In addition, the Census report included an updated estimate for
immigration between 2017 and 2018, which came in 277,000 below the
initial estimate. That downward adjustment carried over into a
lower estimate of immigration for 2019, as well. The slowdown in
immigration is most evident in California, Florida, New York, and
Texas; those four states combined account for nearly half of net
migration into the United States each year.
Ten states experienced population losses from mid-2018 to
mid-2019, while four states in the Rocky Mountain region posted
growth rates above 1.6%. Four states had more deaths than births,
resulting in a negative natural increase. Two states (Nevada and
West Virginia), experienced negative net international migration,
which is rare.
The four big "winners"—Arizona, Idaho, Nevada, and
Utah—all experienced very solid natural increases, along with
high levels of net domestic in-migration. Arizona and Utah also
experienced an influx of international migrants, while Idaho posted
a modest increase and Nevada saw the aforementioned decrease in
that category.
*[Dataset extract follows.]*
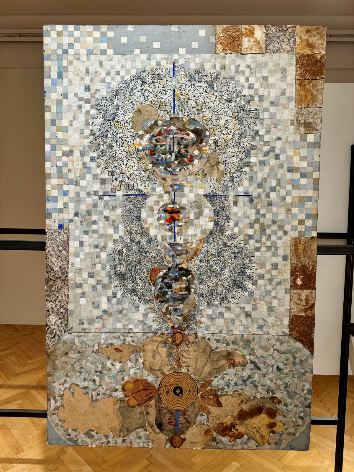 Górna przestrzeń galerii poświęcona jest problematyce widzenia z otwartymi oczami: w świetle dnia, ale i w oślepiającym świetle wybuchającego słońca, w czarnym blasku wydarzenia i doświadczenia liminalnego. Słońce w tej części wystawy, w dziełach Orzechowskiej przybiera kolor szary lub czarny, staje się ciemnym świecidłem. Kolaże takie jak By nigdy więcej oraz Nie strzelajcie do… można rozpatrywać jako twierdzenie na temat okrucieństw wojny i wskazanie na Zagładę, a zarazem jako niezgodę wobec wydarzającej się właśnie przemocy: antysemickiej i antyinteligenckiej nagonki w 1968 roku. Symbolicznie kończący wystawę kolaż przedstawia czarne słońce – przypominające gigantyczne oko wpatrzone w postępującą katastrofę świata, a zarazem przeżywające dezintegrację i śmierć podmiotowości.
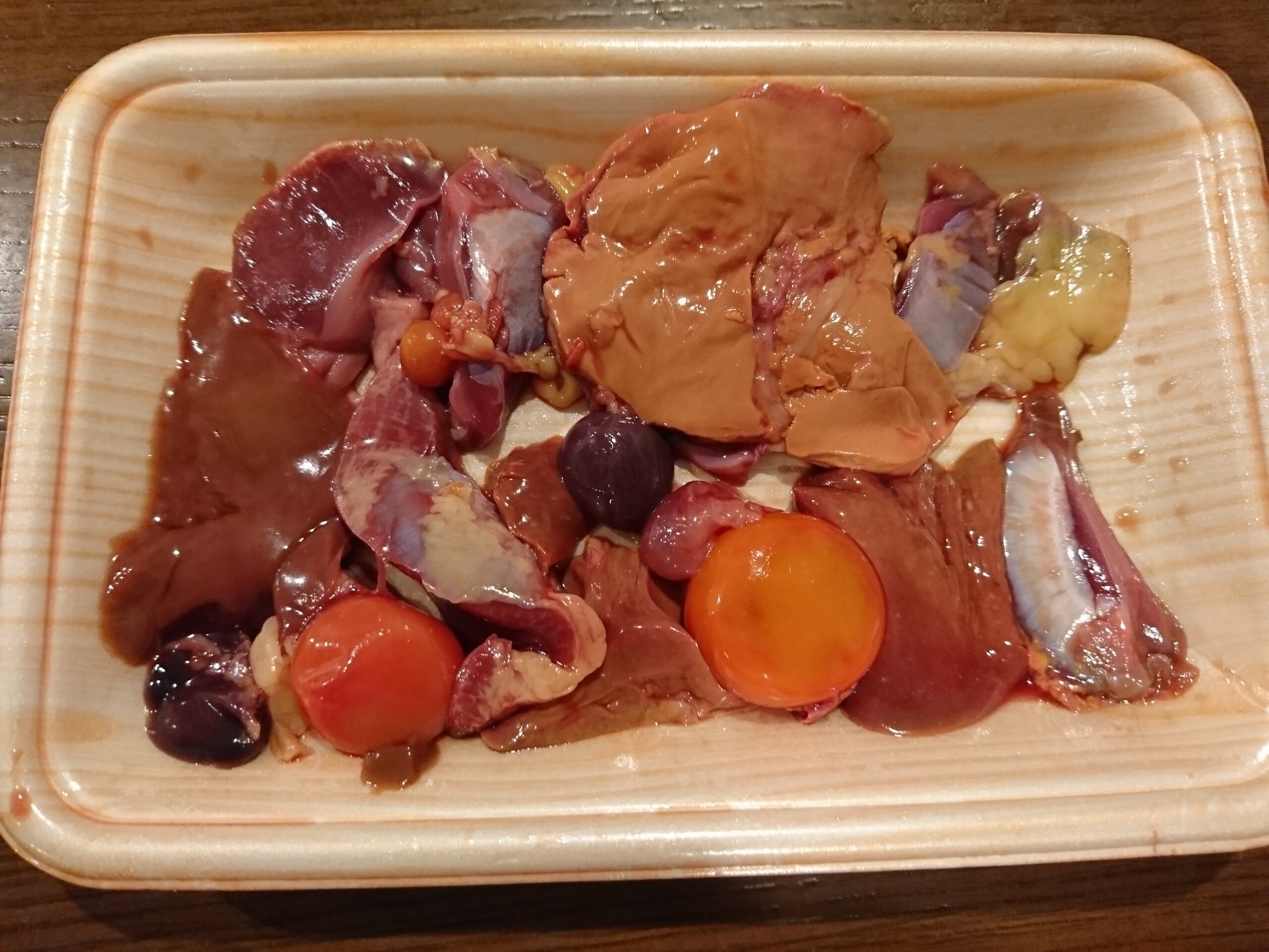 しゃも(軍鶏)を1匹分さばいた内臓なのか・・・?レバーや砂肝・きんかんを始めいろいろな部位が入っていました。

All four states feature relatively low costs of
living and are attracting residents from nearby California, which
had the highest net out-migration of any state.
In the next tier of higher-growth states, including Texas,
Florida, South Carolina, Colorado, and Washington, we see the
continuation of a long-term trend of states in the South and West
experiencing higher population growth. All of the states in this
category are experiencing high rates of both domestic and
international in-migration, with generally high rates of natural
increase. Most also qualify as low-cost states.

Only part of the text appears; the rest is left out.